2017-03-27 16:34:25.864897963 -0700 PDT [INFO] Mounting volume name=test1
2017-03-27 16:34:25.864943268 -0700 PDT [INFO] Already mounted, skipping mount. refcount=3 name=test1

kill plugin using docker-runc
plugin is restarted by docker

discovery complete

2017-03-27 17:03:36.418383937 -0700 PDT [INFO] Starting plugin driver=vsphere log_level=info config="/etc/docker-volume-vsphere.conf"
2017-03-27 17:03:36.418642322 -0700 PDT [INFO] Plugin options - port=1019
2017-03-27 17:03:36.418855025 -0700 PDT [INFO] Getting volume data from unix:///var/run/docker.sock
2017-03-27 17:03:36.434455603 -0700 PDT [INFO] Discovered 1 volumes in use.
2017-03-27 17:03:36.434493635 -0700 PDT [INFO] Volume name=test1 count=3 mounted=true device='/dev/disk/by-path/pci-0000:03:00.0-scsi-0:0:0:0'
2017-03-27 17:03:36.434502803 -0700 PDT [INFO] Docker VMDK plugin started version="vSphere Volume Driver v0.4" port=1019 mock_esx=false
2017-03-27 17:03:36.434768084 -0700 PDT [INFO] Going into ServeUnix - Listening on Unix socket address="/run/docker/plugins/vsphere.sock"

Fixes #1050

1. Using timout based context while using docker client apis on plugin side to popluate the existing volume data 2. upgrading the docker client api version to 1.25 3. Removing environment variable to enable the volume discovery Fixes #1050

pdhamdhere

Thanks for detail PR description. Some comments below.

pdhamdhere · 2017-03-28T05:25:16Z

plugin/config.json

-      "value": "info",
-      "Settable": [ "value"]
-	},
+	"Env": [
 	{"name": "VDVS_DISCOVER_VOLUMES",


You took out wrong config option. Keep VDVS_LOG_LEVEL and remove VDVS_DISCOVER_VOLUMES

pdhamdhere · 2017-03-28T05:26:05Z

vmdk_plugin/utils/refcount/refcnt.go

@@ -88,9 +88,11 @@ import (
 )

 const (
-	ApiVersion              = "v1.22"
+	ApiVersion              = "v1.24"


Which Docker Daemon (1.12/1.13?) supports this API version. Please add a comment.
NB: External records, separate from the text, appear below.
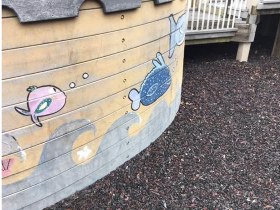
Photo caption: Faded artwork at Annie's Playground in Fallston to be restored by art students at The John Carroll School.
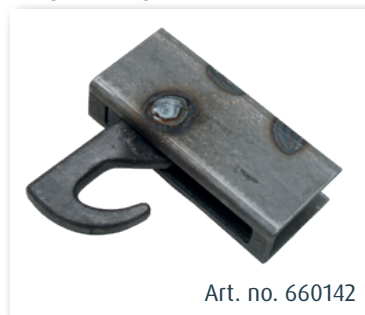
Lashing hook, fold-down 8000 kg. 150x65x37 mm. Weight: 1,8 kg.
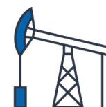
Oil & Gas/Refining
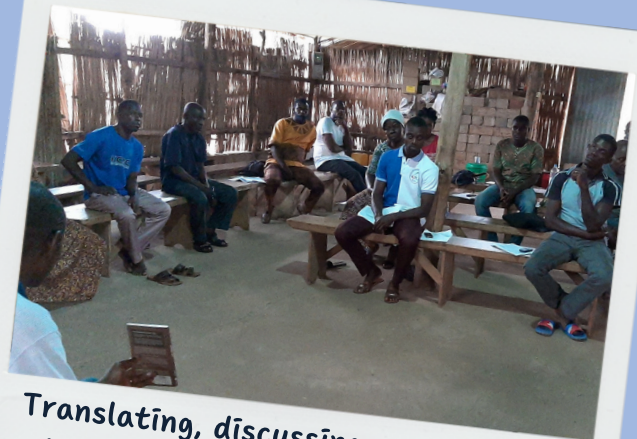
Translating, discussing, and applying a book together on Sunday afternoon

Growing Years: Whilst most of the bi-vocational elders have never had official theological training, they have all continued to study, read, and grow—many through the correspondence courses from Europresse: 'Echos de la Verité.' For 35 years they have faithfully preached the Gospel, led Wednesday evening Bible studies and Friday evening prayer meetings, pastored the members, conducted funerals and weddings, and visited the sick. With the first generation of EGCT elders ageing, the need for the next generation of church leaders to be trained became imperative.
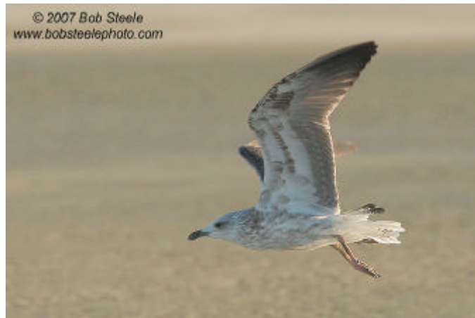
Lesser Black-backed Gull

species breeds in Siberia and winters in the Old World from Africa, through southern Asia to Australia. It has been seen in California about 36 times before this sighting; most records are along the coast, usually in fall, while the few interior records are usually in spring. This sighting is unofficial until accepted by the CBRC.
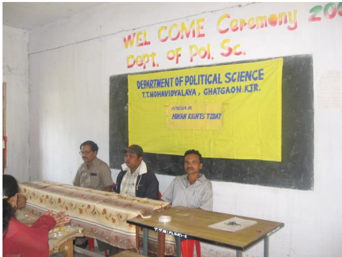
Seminar Dept. of Pol.Sc.
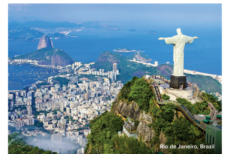
Rio de Janeiro, Brazil

Tour escort is subject to minimum numbers traveling, offers expire 31 January 2025.
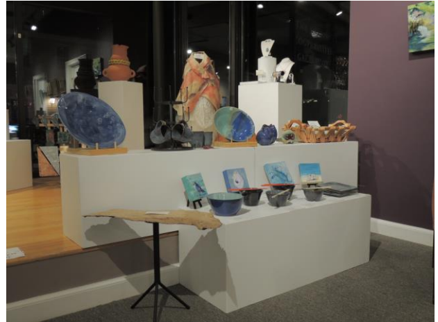
Check out the newly painted cubes and baseboard
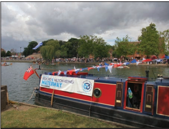
Ken and Sue Deveson's boat 'Cleddau'

Our team of volunteers recruited 22 new members and collected £166.40

pdhamdhere · 2017-03-28T05:26:53Z

vmdk_plugin/utils/refcount/refcnt.go

 	DockerUSocket           = "unix:///var/run/docker.sock"
 	defaultSleepIntervalSec = 1
+	timeoutInSecs           = 2


timeoutInSecs => dockerConnTimeout = 2 //Secs ?

pdhamdhere · 2017-03-28T05:30:34Z

vmdk_plugin/utils/refcount/refcnt.go

 	DockerUSocket           = "unix:///var/run/docker.sock"
 	defaultSleepIntervalSec = 1
+	timeoutInSecs           = 2
+	mountLocation           = "/mnt/vmdk"


There is already "mountRoot"

govint · 2017-03-28T05:50:30Z

Per issue 31903 on docker the plugin restore will not be able to use the Docker API (yes?). In which case this change will not work as the docker API isn't available?

Believe a simpler approach is to use a refcount-restore task to run the "post init" for the plugin (essentially restoring any ref counts for volumes) and skip doing any ref count resotre during plugin startup itself. The plugin initialization starts the task and completes initialization and let Docker continue on its way.

The refcount-retore task attempts to connect and use Docker API within some number of attempts with an "exponential backoff" and ultimately restores or gives up on the refcounts.

The plugin can then service volume requests based on what Docker is asking while the refcount restore goes on. As long as refcount-restore task is running, the plugin will skip doing unmounts. The refcount-restore task checks all mounted volumes and those that aren't having any refcounts will be unmounted by it. While those volumes in use have their refcounts restored.

pdhamdhere · 2017-03-28T05:51:17Z

BTW, you also need to enable Tests

pshahzeb · 2017-03-28T19:05:25Z

@govint thanks for pointing this.
Essentially, this PR will not let plugin enter into a deadlock where plugin hangs on docker api and docker waits to talk to plugin.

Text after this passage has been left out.